N° 622 | Le 23 mai 2002 | Patrick Méheust | Critiques de livres (accès libre)
La place du père dans la famille contemporaine n’est plus une évidence donnée d’avance. Nous sommes entrés dans une période marquée par une forme de polyculture de la parentalité où chacun, père, mère mais aussi enfant est en recherche d’un nouveau statut qui ne va plus de soi mais dépend intimement de la façon dont s’agencent les relations au sein de la famille. Au temps de la toute-puissance de l’église, la paternité ne pouvait s’acquérir que grâce au mariage religieux. La femme de son côté devait se porter garante de l’authenticité de cette paternité par un comportement conjugal exemplaire. Le père incarnait le droit, l’autorité, dans une société très communautaire. L’enfant était amené à reproduire l’exemple de son géniteur.
À partir de la Révolution de 1789 et avec l’avènement de la société industrielle, le pouvoir paternel progressivement diminue. Le père, s’il veut rester effectivement chef de famille, doit par son travail subvenir aux besoins des siens.
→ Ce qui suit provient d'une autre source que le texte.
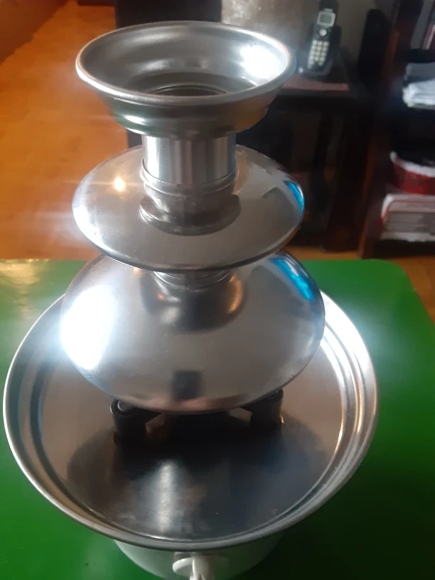 Get ready to add some fun to your next gathering with this chocolate fountain! It's perfect for dipping strawberries, marshmallows, and other treats. It looks to be in great condition and ready to use for your next party or event. Wilton S/S Chocolate Fountains are a premier name both retail and commercial.
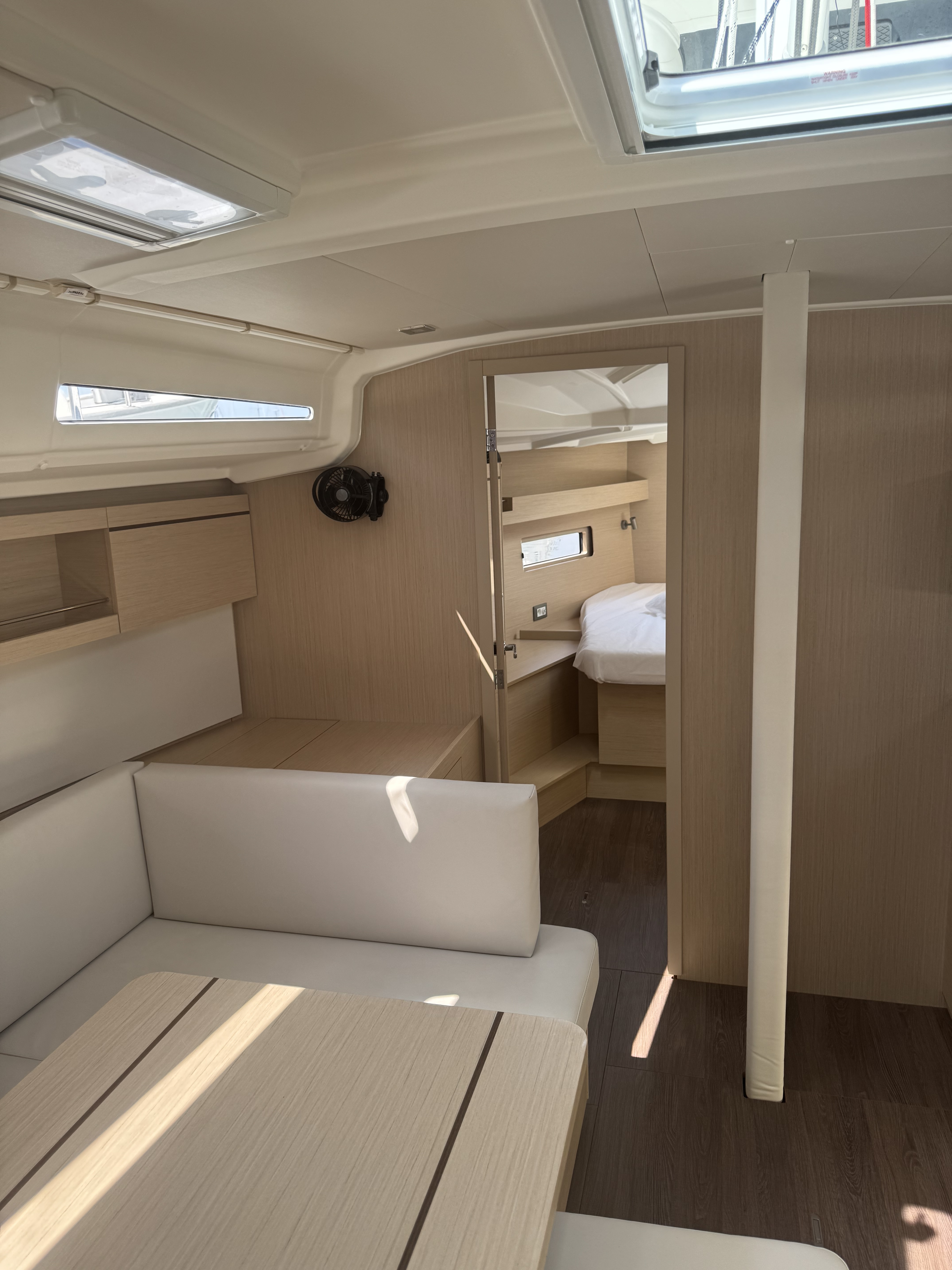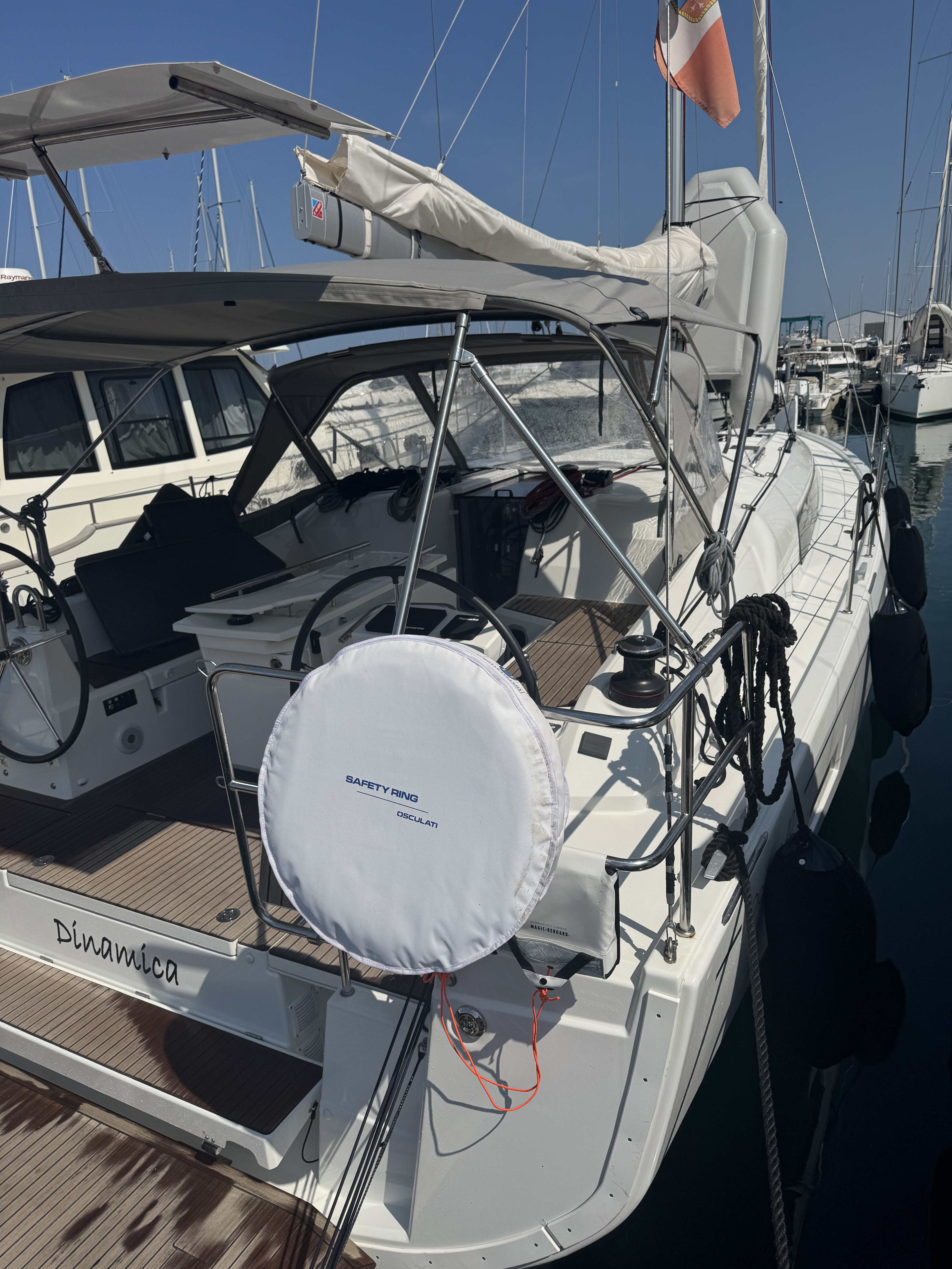 | Outside | Badeleiter, Badeplattform, Biminitop, Cockpitbeleuchtung, Cockpitdusche, Cockpitlautsprecher, Cockpitpolster, Cockpittisch, elektr. Ankerwinsch, Solaranlage, Sprayhood |

Cependant, il conserve un certain nombre de prérogatives même si l’État s’affirme de plus en plus comme un relais éducatif chargé de transmettre aux enfants les valeurs de la République.
Aujourd’hui, et bien que la société demeure à domination masculine, la famille n’est plus centrée sur le père. À cela plusieurs raisons. La maîtrise de la fécondité et les revendications en matière d’égalité professionnelle confèrent dorénavant un nouveau statut aux femmes. Elles sont devenues des sujets sociaux qui ne se définissent plus uniquement en fonction de leur statut d’épouse ou de mère. Parallèlement, l’objectif de la famille s’est déplacé de l’intérêt pour le père vers l’intérêt pour l’enfant mais le rôle tenu par la mère dans l’épanouissement de l’enfant est toujours prédominant. La filiation de sang a perdu de son importance du fait des nombreuses recompositions familiales et si le père reste « éducateur », il n’est plus nécessairement le « père biologique ».
Aussi, les places socialement assignées ayant tendance à se diluer, c’est plutôt la qualité du lien qui prend de l’importance dans les configurations familiales actuelles. La paternité devient à cet égard une fonction essentiellement relationnelle dans le sens où les « nouveaux » pères se veulent des animateurs, des accompagnateurs de l’affirmation identitaire des enfants. Mais ce nouvel exercice de la paternité est encore insuffisamment reconnu sous l’angle institutionnel. L’enjeu est donc aujourd’hui de faire en sorte que les institutions accompagnatrices de la petite enfance, de l’enfance et de l’adolescence se mettent en phase avec les évolutions contemporaines. Celles-ci vont dans le sens d’un partage plus équitable entre les hommes et les femmes des rôles autour de l’enfant. Il serait dommage que les pouvoirs publics mésestiment ce rééquilibrage.